Leader of the British Columbia Co-operative Commonwealth Federation/New Democratic Party
- In office April 6, 1956 – April 12, 1969
- Preceded by: Arnold Webster
- Succeeded by: Thomas R. Berger

Member of the Legislative Assembly for Cowichan-Malahat Cowichan-Newcastle (1952–1966)
- In office June 12, 1952 – October 5, 1975
- Preceded by: Andrew Mowatt Whisker
- Succeeded by: Barbara Wallace

Personal details
- Born: December 1, 1913 Glasgow, Scotland
- Died: July 21, 1981 (aged 67) Victoria, British Columbia
- Cause of death: Lung Cancer
- Party: New Democratic
- Occupation: Carpenter/Trade Unionist

= Robert Strachan (politician) =

Canadian politician

Robert Martin Strachan (December 1, 1913 – July 21, 1981) was a trade unionist and politician. He was the longest serving Leader of the Opposition in British Columbia history.

Born in Glasgow, Scotland, Strachan was a carpenter by trade. He immigrated to Canada after quitting a 10-shilling-a-week job as messenger boy in Glasgow to go to Nova Scotia on a $10-a-week farm labour scheme. He moved west, in 1931, to the northern B.C. copper-smelting town of Anyox and then to Powell River, where he became a carpenter and an active unionist eventually becoming British Columbia head of the United Brotherhood of Carpenters and Joiners of America.

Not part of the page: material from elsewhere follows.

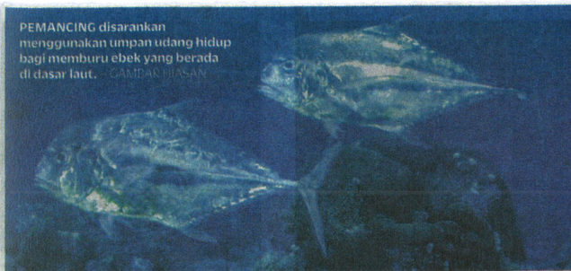
PEMANCING disarankan menggunakan umpan udang hidup bagi memburu ebek yang berada di dasar laut. — GAMBAR ILMU

In 1952, he was elected to the British Columbia Legislative Assembly as an MLA for the socialist Co-operative Commonwealth Federation. In 1956, he was elected CCF leader thus becoming Leader of the Opposition to the Social Credit government of W.A.C. Bennett. Strachan's CCF ran in the 1960 general election on the platform of nationalizing the province's private hydro-electric company, B.C. Electric. Bennett denounced the idea during the election campaign but, in 1961, turned around and announced plans to do exactly that in order to create BC Hydro leading Strachan to denounce the Social Credit government as hypocrites.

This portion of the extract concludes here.